Legal residence imports not only intention to reside in a fixed place but also personal presence in that place, coupled with conduct indicative of such intention. 1 The fact that petitioner has no business in Manila and that he has to attend to his business in Olongapo is a potent reason for disbelieving any claim that he has transferred his residence to Manila, for this Court can take judicial notice that Chinese businessmen rarely reside in a place different from where they have their place of business. 2 The documents at hand speak eloquently that all the business activities of petitioner are in Olongapo, Zambales, and it is for this reason that he stated in all his official documents that his residence is in that place.
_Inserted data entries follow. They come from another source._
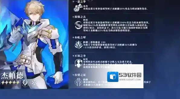 杰帕德是最强5星肉盾角色,战技提供了冰冻概率,提升了控场效果。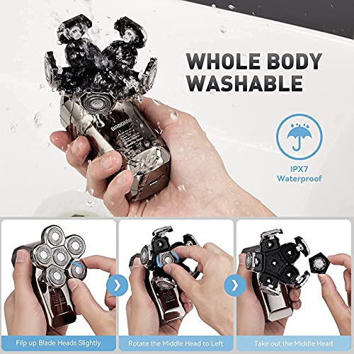 【EASY to CLEAN】 With IPX7 waterproof, the whole body of this head shavers for bald men is washable, you can directly wash this shavers for bald heads with water.you can spin the cutter head with signed direction to clean shaving heads easily and efficiently.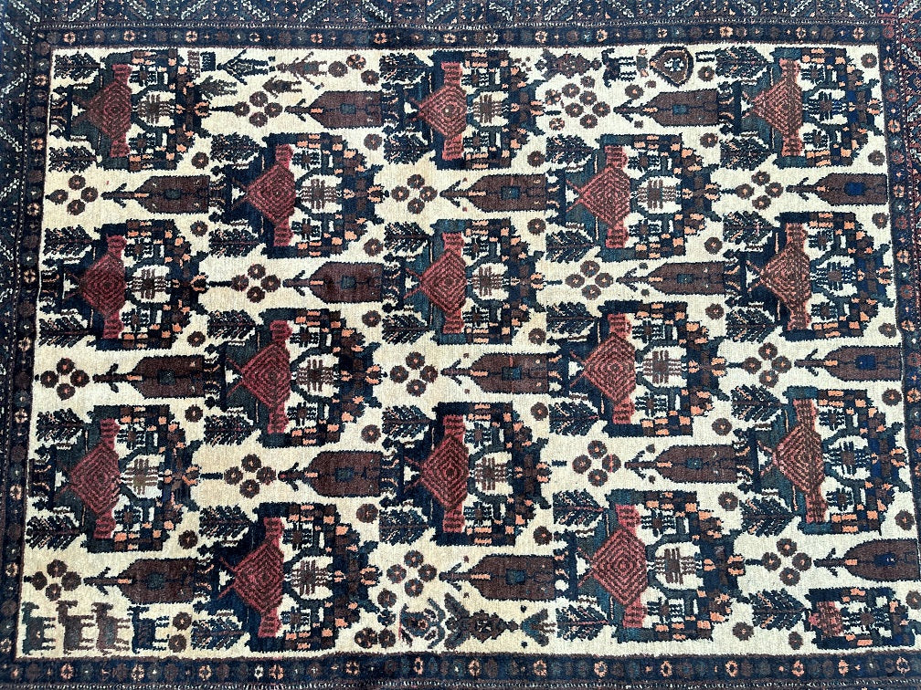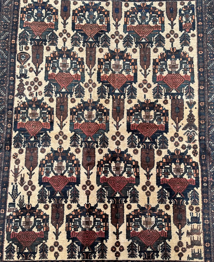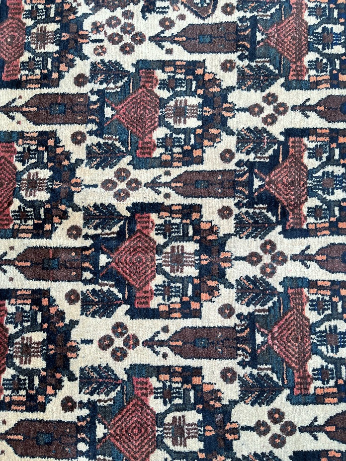 Rare And Collectible Antique Handmade Persian Afshari Rug Circa 1950’s. Pure Hand Spun Wool Pile On Cotton Base. Beige, Blue, Green And Red Tones Dyed Using Traditional Methods.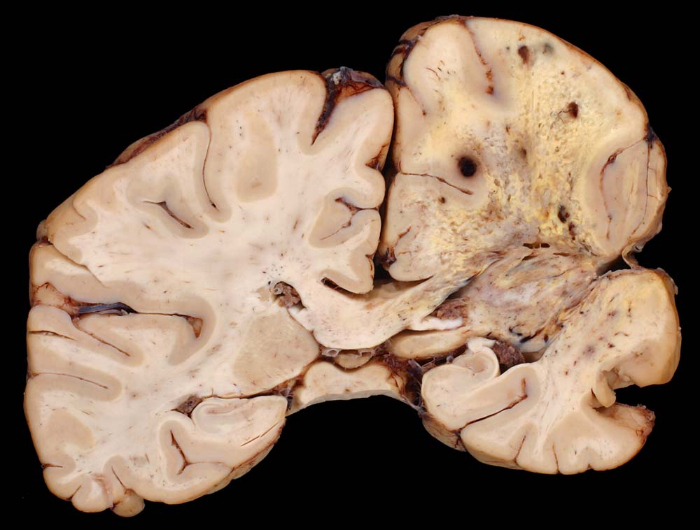 - Zellreicher Tumor mit sehr unscharfer Begrenzung zum normalen Hirnparenchym (rechts unten).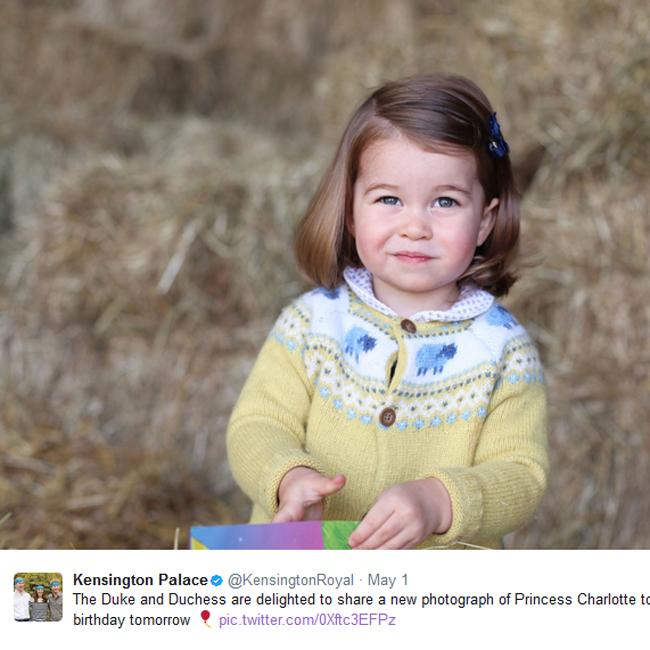 The image, which captures Charlotte wearing a yellow knitted cardigan with sheep detail on it whilst at the family home in Anmer Hall, Norfolk, read: "The Duke and Duchess are delighted to share a new photograph of Princess Charlotte to mark her second birthday tomorrow (sic)."

The purpose of the law in requiring one year residence in a place when one seeks naturalization is to facilitate the determination by official authorities of the different activities of petitioner, especially with regard to his qualifications. That is why the law requires that the petition should state all his places of residence, whether present or previous. But in this case petitioner even failed to state some of his former places of residence, a fact which in itself is a sufficient disqualification. 3 The court a quo, therefore, was justified in declaring itself bereft of jurisdiction to take cognizance of the present case.

WHEREFORE, the decision appealed from is affirmed. Costs against petitioner.

Bengzon, C.J., Padilla, Labrador, Concepcion, Reyes, J.B.L., Barrera, Paredes, Dizon, Regala and Makalintal, JJ., concur.

Endnotes:



1. Nuval v. Guray, 52 Phil., 645.

2. Ong v. Republic, L-14625, October 24, 1960.

3. Keng Giok v. Republic, L-13347, August 31, 1961.